Congregation Beth Israel’s Rabbi Charlie Cytron Walker (left) shakes hands during Friday’s news conference held at Colleyville Center.

Speaking in Urdu, his father spoke in Blackburn to express grief.

“It shocked me to hear that he was visiting America from a synagogue.

After his death from Covid-19 last October, the father of six was present at the funeral of his son, Gulzameer. Although they were close for over two years, they had lost touch.

After his death from Covid-19 last October, the father of six was present at the funeral of his son, Gulzameer. Although they were close for over two years, they had lost touch. 

Following six months spent in Pakistan in 2020, MI5 (the UK intelligence service) had investigated his background.

His links to Syria were also evident. It was also claimed that he told his family that Dubai was the first place he visited.

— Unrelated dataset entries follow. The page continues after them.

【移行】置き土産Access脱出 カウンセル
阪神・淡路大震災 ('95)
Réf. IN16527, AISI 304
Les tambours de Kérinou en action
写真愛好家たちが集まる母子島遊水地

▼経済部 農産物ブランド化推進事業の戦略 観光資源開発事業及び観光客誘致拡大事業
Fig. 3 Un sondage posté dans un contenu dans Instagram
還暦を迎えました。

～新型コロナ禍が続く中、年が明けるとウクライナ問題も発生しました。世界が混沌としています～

Malik Akram was convicted and once called a menace for his rage about the World Trade Center attack more than twenty years ago.

Blackburn magistrates court issued a rare Exclusion Order to the terror suspect for misusing staff members about the September 11th attack, which claimed over 2,750 lives. 

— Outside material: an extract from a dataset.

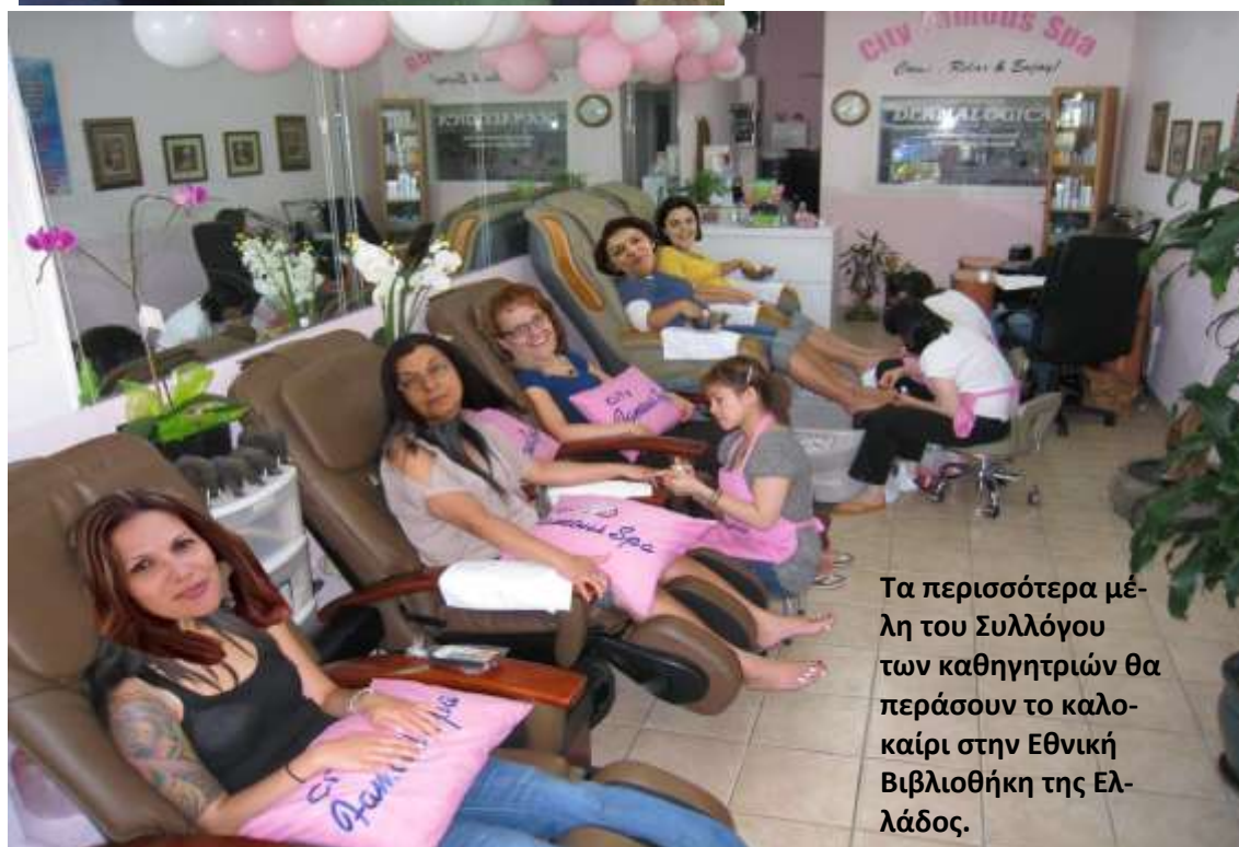
Τα περισσότερα μέλη του Συλλόγου των καθηγητριών θα περάσουν το καλοκαίρι στην Εθνική Βιβλιοθήκη της Ελλάδος.

The terrorist was captured at JFK Airport on January 2, and stayed in the homeless shelter run by the Christian charity. Police now want to piece together his final movements before the attack. 

According to reports, his convictions also included drug deals, violent disorder and driving violations.

Six months imprisonment was served for his 1996 attack on a relative by baseball. A year later, he was released from prison for destruction of property. 

But he was able bypass US strict entry regulations on convicted criminals to arrive in New York City on January 2, staying at a Queens hotel.

Then he went to Dallas, where he spoke about meeting a Mexican bride and stayed in homeless shelters.

According to the FBI, he may have bought a gun from the street and then armed himself when he went into the Colleyville synagogue on Saturday.

Sky News heard from Gulbar his brother, who said that the terrorist suffered from mental illness and that he would not have done it if offered additional help in the UK.

He claimed he traveled over the Atlantic to protest the imprisonment of Aafia, a female terrorist. Siddiqui was infamous for her attempt to kill US troops abroad and earned the nickname Lady Al Qaeda.

Gulbar explained that Gulbar felt strongly about Gulbar’s imprisonment. He feels the injustice of it.